It's a hot day. You are in the middle of a flat sandy plane that stretches as far as you can see. Your hands are shackled and you are surrounded by soldiers of the mighty Pythagorean Brotherhood. Ten steps from you a man, his hands also in shackles, is standing frozen. His name is Hippasus of Metapontum. A Pythagorean soldier yells at Hippasus. "Right-angle turn and move!"

Hippasus makes a 90° left turn and hesitates. A drop of sweat slowly moves down his front head. He then makes a step followed by a 90° right turn. He again hesitates. Another step, and again a 90° left turn. The soldier raises his sword and shouts "Death to the irrational!" Hippasus' body collapses and his head rolls in your direction, coming to a halt just two steps away from your feet.

The soldier turns to you. "Now you go. Make a right angle turn followed by a nonzero number of straight steps in forward direction, and keep repeating this. Each step needs to be of exactly the same size. Each turn needs to be an exact right angle turn and must happen at a position that is a whole number of straight-line steps away from all previous turns. You need to make a total of 100 right angle turns, 50 to the left and 50 to the right. If you fail, you will be killed on the spot, if you succeed, you are a free man, and a witness of the fact that integer distances rule the world. Go!"

You think for a few seconds, and make a left turn. What's next?


4 Answers 4


I'm going to use compass directions to reduce confusion.

You are going to walk in a figure eight, with a width of $c$ all the way up, and with north and south loops of height $a$ and $b$. You start at the south east corner of the figure eight, facing east.
You turn left and walk $b$ steps north, then turn left again and walk $c$ steps west across what will be the middle bar of the figure eight. You are now in the middle of the west side, facing west.
From here you can make four left turns around the south loop, walking $b$ south then $c$ east then $b$ north then $c$ west. Or you can make four right turns around the north loop, walking $a$ north then $c$ east then $a$ south then $c$ west. Each one puts you back at the same spot, facing west. Twelve of each loop gives you 48 right turns and 48 left turns. You started with two left turns, so now you finish with two right turns half-way around the north loop and end up in the north east corner. That's 50 each and 100 total.

Now all we need to do is choose some numbers.

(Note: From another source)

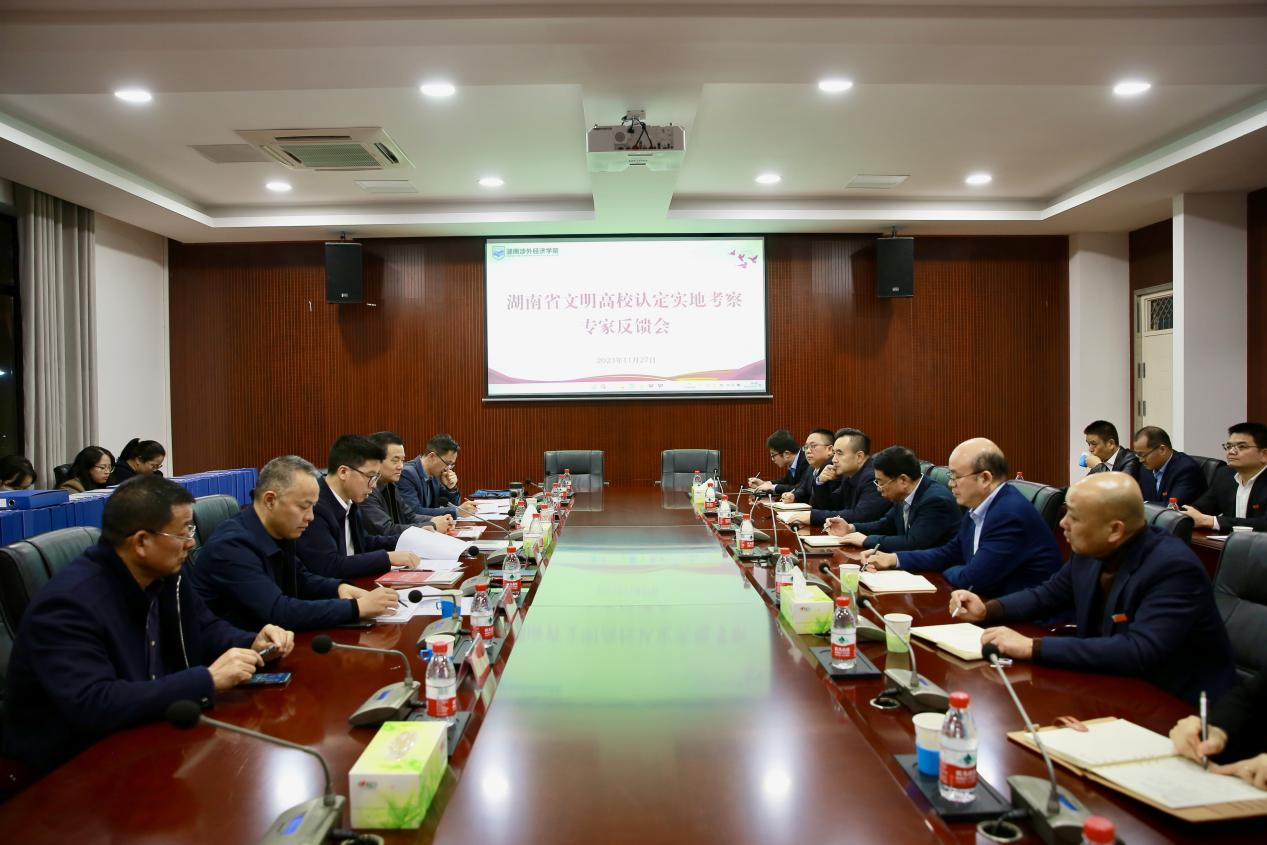 11月27日,以湖南科技大学副校长周智华为组长,中南大学外国语学院党委书记李涛、长沙学院人事处处长蒋晓东、湖南科技大学统战部副部长罗登辉、湖南农业大学宣传部副部长袁光敏为成员的省文明高等学校实地考核专家组莅临伟德官网,开展文明高校认定实地考察。上午9点30分,湖南省文明高校认定实地考察专家见面会在伟德官网综合楼206会议室举行。专家组全体成员、学校全体校领导出席,相关职能部门负责人参加会议。会议由校长王耀中主持...

We must have $a,c$ form a pythagorean triangle; $b,c$ must also; and so must $a+b,c$. That covers all 6 diagonals of the figure eight, and the rest are integer sides and the sums of integers. Then every corner of the figure eight is an integer distance from the others.
It feels like overkill to pull this out again, but a=44, b=117, c=240 will do the job. That's 16025 steps; I recommend taking very small steps.

An immediate upvote to anyone who finds smaller numbers, because it is hot out here.

You announce your intentions to the soldiers, hinting that the quicker you finish, the quicker everyone can get into the shade. Being the Pythagorean Guard, of course they are able to help; one calling himself @crazyiman tells you to use:

a = 11, b = 80, c = 60.

This only requires 5275 steps. You refrain from announcing exactly how much faster this will be, and start walking.

  • 6
    $\begingroup$ a=80, b=11, c=60 works. $\endgroup$ Feb 15, 2015 at 13:06

No proper solution yet, but here are 2 degenerate solutions.

Trivial solution: take zero (which is a whole number of) steps on each turn, turning alternately left and right 50 times each. All points are co-located, so distance between any pair of points is 0, which is a whole number.

Solution with a single zero-step: turn left 50 times, taking alternately 3 and 4 steps (going anticlockwise in the same 3x4 rectangle - the ends of each diagonal are 5 steps away from each other). Turn right, take zero steps, then turn right again 49 times, retracing the same rectangle as before, going clockwise this time.

  • 1
    $\begingroup$ Ahhh... have to close this loophole. Thanks! $\endgroup$
    – Johannes
    Feb 15, 2015 at 15:50

I came up with the same solution as Callidus. Adding a few appendix notes.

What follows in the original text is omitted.